▶ **WHAT TO PRODUCE**
Please output only the lines that begin at the line with "2024年9月11日清晨,重" and run through the end of the entries below, exactly as written. Drop all pictures.
____________
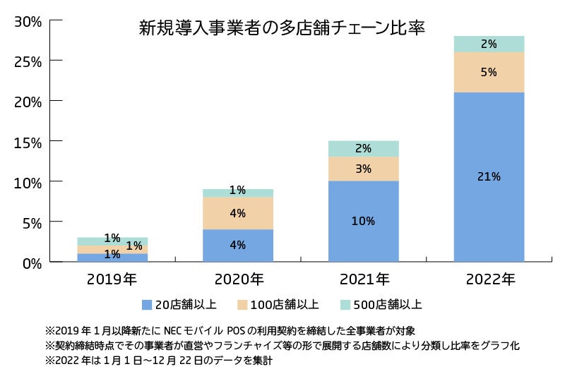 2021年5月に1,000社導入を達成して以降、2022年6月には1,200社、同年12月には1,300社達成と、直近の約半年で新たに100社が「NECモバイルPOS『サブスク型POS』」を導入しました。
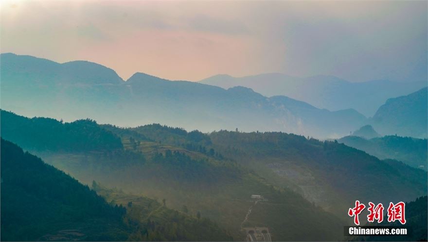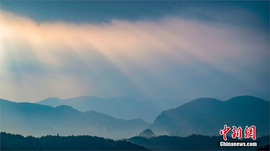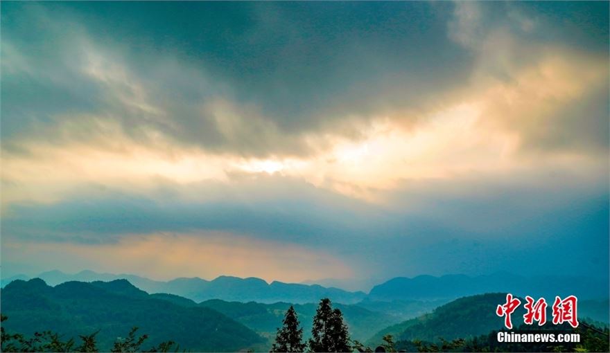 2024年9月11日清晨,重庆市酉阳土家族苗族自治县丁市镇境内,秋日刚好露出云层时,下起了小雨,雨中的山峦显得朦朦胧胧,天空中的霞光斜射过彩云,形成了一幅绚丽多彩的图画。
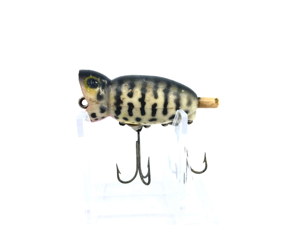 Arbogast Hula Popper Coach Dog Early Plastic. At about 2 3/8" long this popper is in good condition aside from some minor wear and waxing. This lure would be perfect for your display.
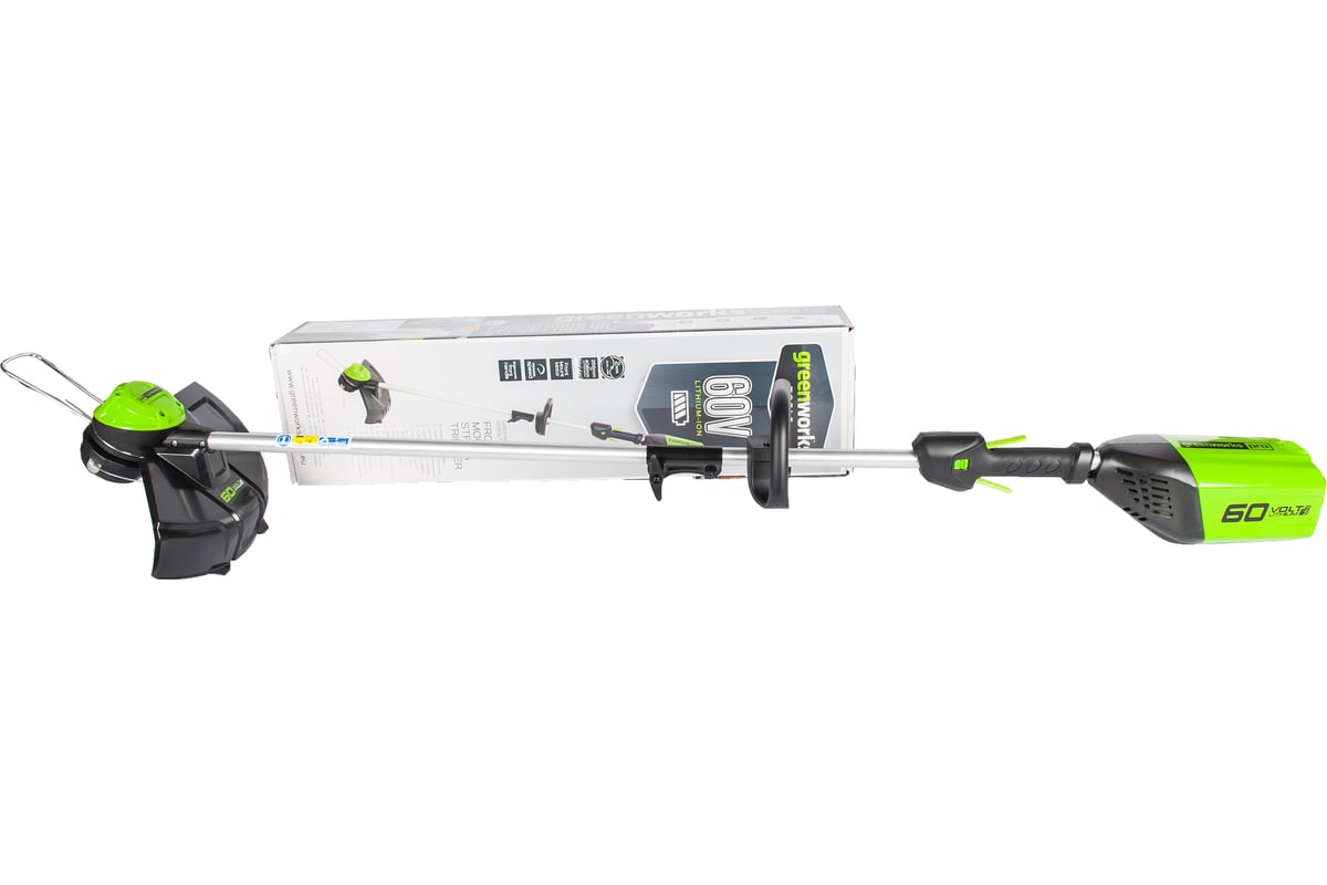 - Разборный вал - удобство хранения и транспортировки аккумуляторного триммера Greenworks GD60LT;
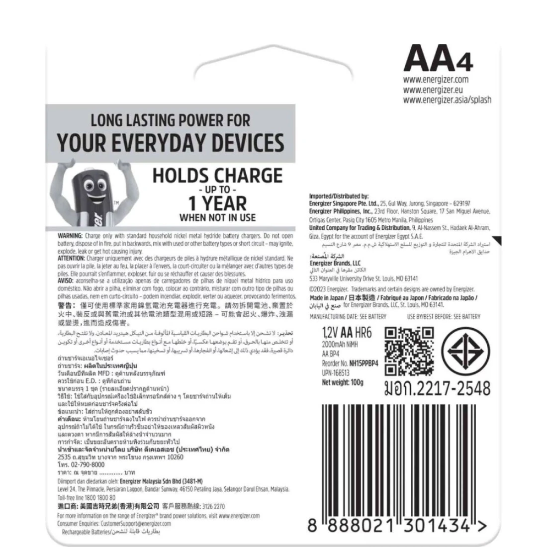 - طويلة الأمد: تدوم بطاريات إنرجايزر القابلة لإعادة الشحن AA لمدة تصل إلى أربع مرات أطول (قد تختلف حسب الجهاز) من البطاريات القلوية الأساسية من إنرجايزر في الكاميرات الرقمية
____________
▶ **ANSWER FOR THIS EXERCISE**
 2024年9月11日清晨,重庆市酉阳土家族苗族自治县丁市镇境内,秋日刚好露出云层时,下起了小雨,雨中的山峦显得朦朦胧胧,天空中的霞光斜射过彩云,形成了一幅绚丽多彩的图画。
 Arbogast Hula Popper Coach Dog Early Plastic. At about 2 3/8" long this popper is in good condition aside from some minor wear and waxing. This lure would be perfect for your display.
 - Разборный вал - удобство хранения и транспортировки аккумуляторного триммера Greenworks GD60LT;
 - طويلة الأمد: تدوم بطاريات إنرجايزر القابلة لإعادة الشحن AA لمدة تصل إلى أربع مرات أطول (قد تختلف حسب الجهاز) من البطاريات القلوية الأساسية من إنرجايزر في الكاميرات الرقمية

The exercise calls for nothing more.